> Exercise objective
Everything in the data should be repeated exactly, save for the images.

> Information shown
══════════════════════════════

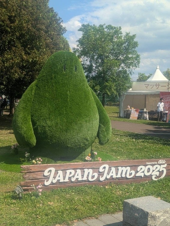 株式会社GreenDesign(本社:東京都世田谷区)は、千葉市蘇我スポーツ公園で2025年4月29日(火・祝)より開催されるGW最大の野外音楽フェス「JAPAN JAM 2025 supported by au(https://japanjam.jp)」にて、高さ2.5mの国内最大級※人工芝マスコット「もじゃむ」を制作いたしました。※当社調べによるものであり、同等以上の事例を否定するものではありません。
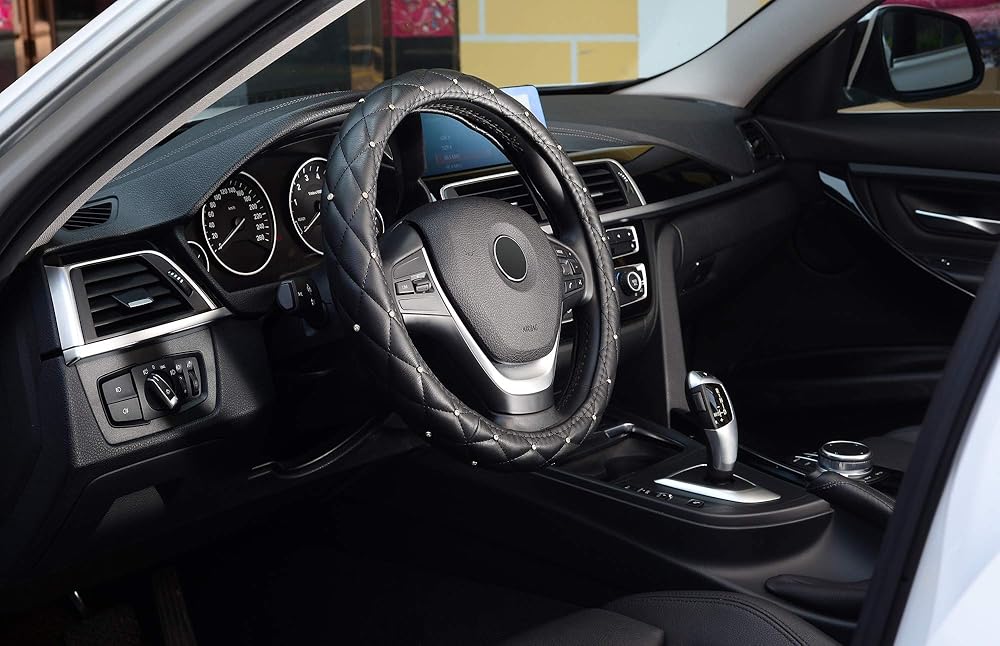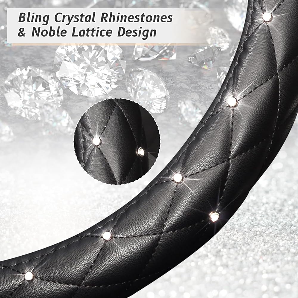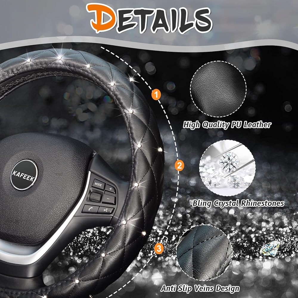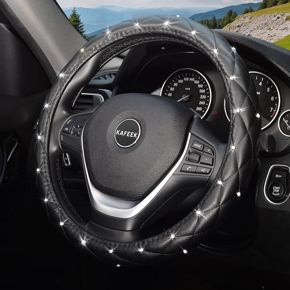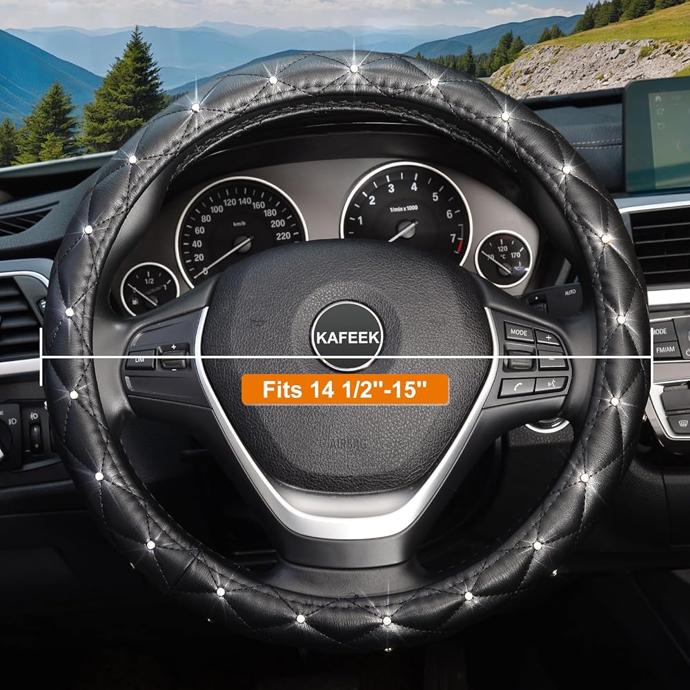 غطاء عجلة القيادة من الجلد الأسود الماسي من KAFEEK مع أحجار الراين الكريستالية اللامعة، مقاس 15 بوصة
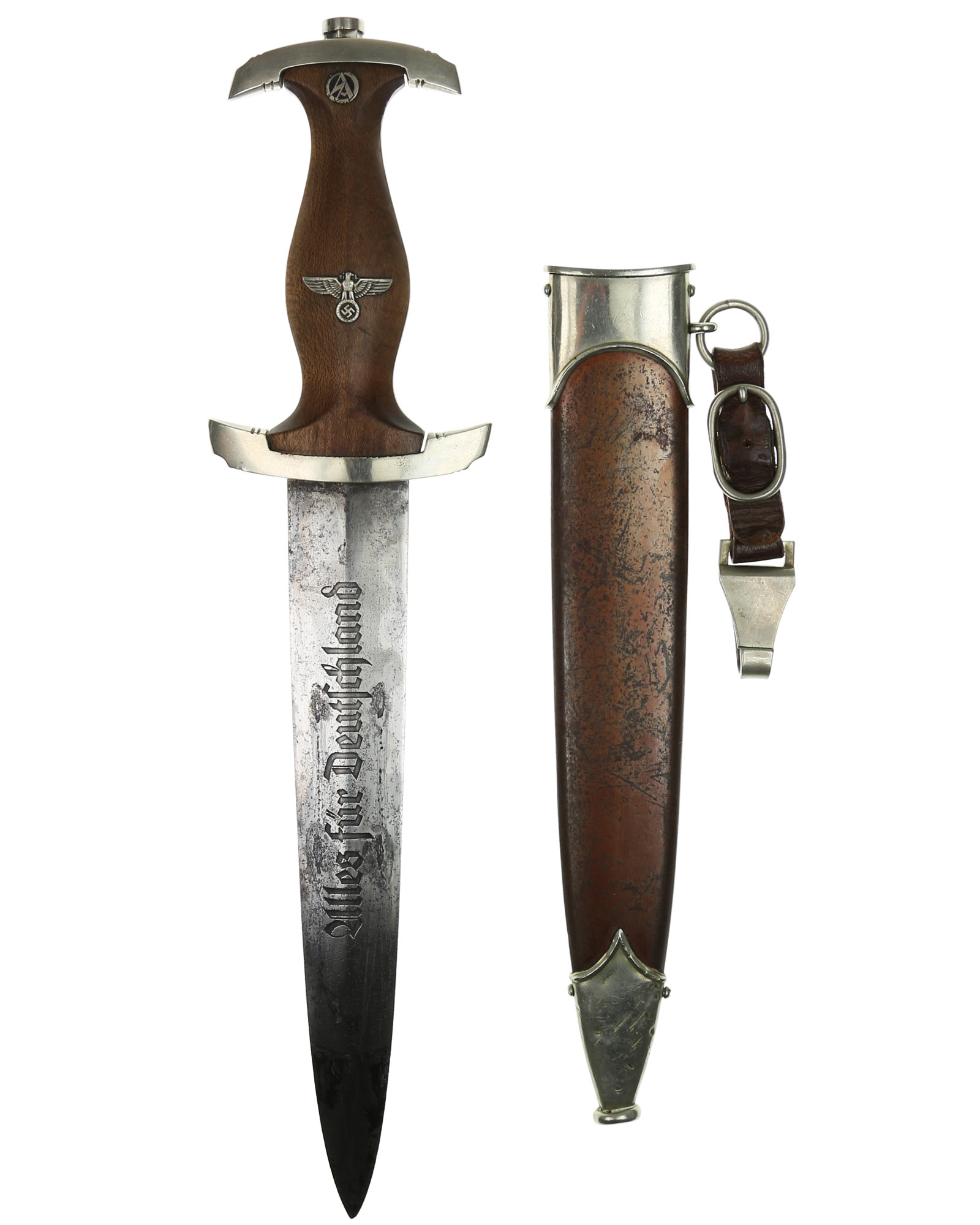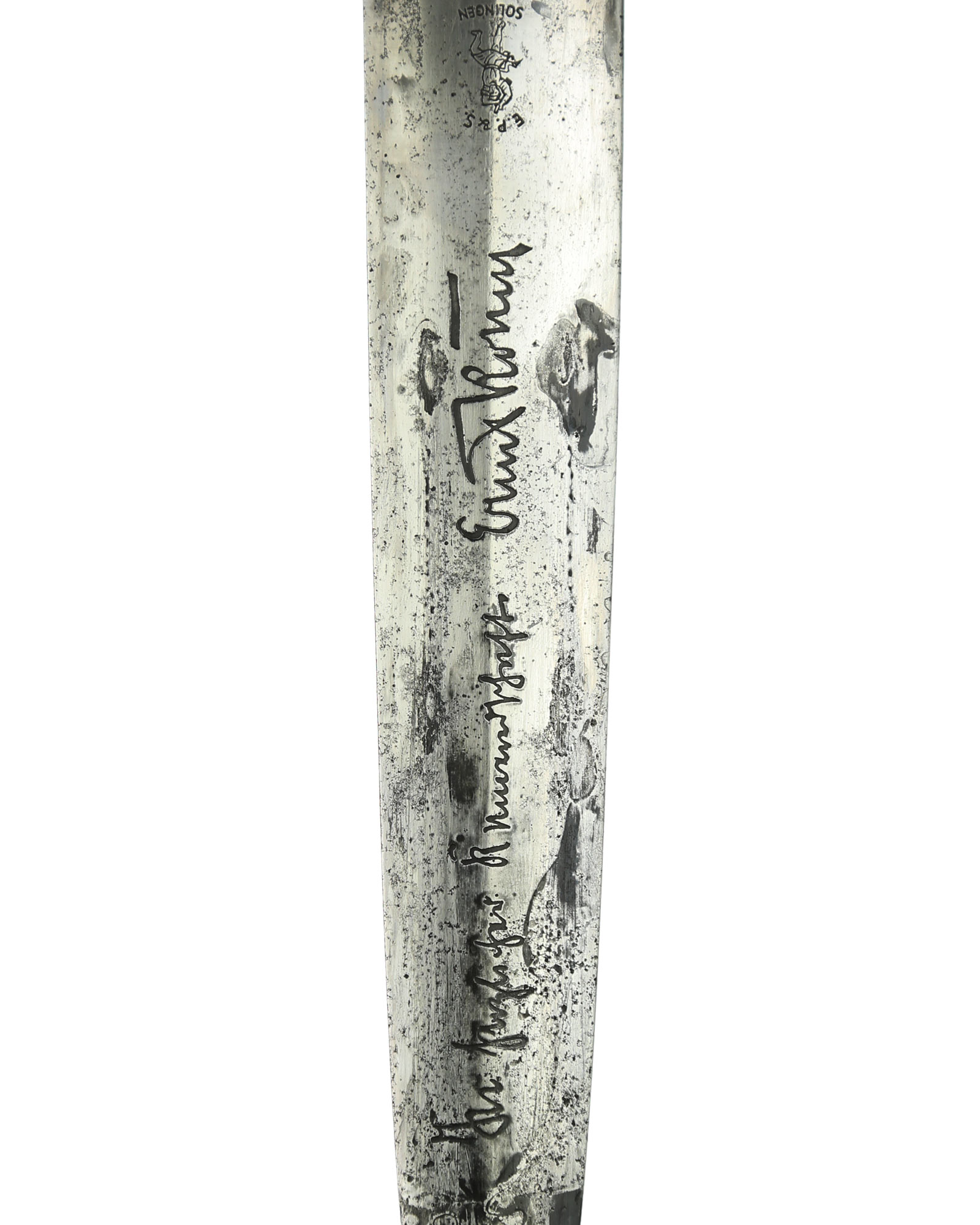 Клинок: Клинок стальной, прямой, двулезвийный, 4-гранный в сечении, без долов. На клинке готическим шрифтом нанесена надпись «Alles für Deutchland» ( «Всё для Германии»). На другой стороне нанесена надпись «ln herzlicher Kameradschaft Ernst Röhm» (В знак сердечной дружбы Эрнст Рём). Надписи и клейма: возле пяты клинка с тыльной стороны – травлёное клеймо в виде человека на замахе и надпись «E.P.&S.» — клеймо немецкой фирмы «Эрнст Пак & сыновья, Золинген».

══════════════════════════════

> Answer space
 株式会社GreenDesign(本社:東京都世田谷区)は、千葉市蘇我スポーツ公園で2025年4月29日(火・祝)より開催されるGW最大の野外音楽フェス「JAPAN JAM 2025 supported by au(https://japanjam.jp)」にて、高さ2.5mの国内最大級※人工芝マスコット「もじゃむ」を制作いたしました。※当社調べによるものであり、同等以上の事例を否定するものではありません。
 غطاء عجلة القيادة من الجلد الأسود الماسي من KAFEEK مع أحجار الراين الكريستالية اللامعة، مقاس 15 بوصة
 Клинок: Клинок стальной, прямой, двулезвийный, 4-гранный в сечении, без долов. На клинке готическим шрифтом нанесена надпись «Alles für Deutchland» ( «Всё для Германии»). На другой стороне нанесена надпись «ln herzlicher Kameradschaft Ernst Röhm» (В знак сердечной дружбы Эрнст Рём). Надписи и клейма: возле пяты клинка с тыльной стороны – травлёное клеймо в виде человека на замахе и надпись «E.P.&S.» — клеймо немецкой фирмы «Эрнст Пак & сыновья, Золинген».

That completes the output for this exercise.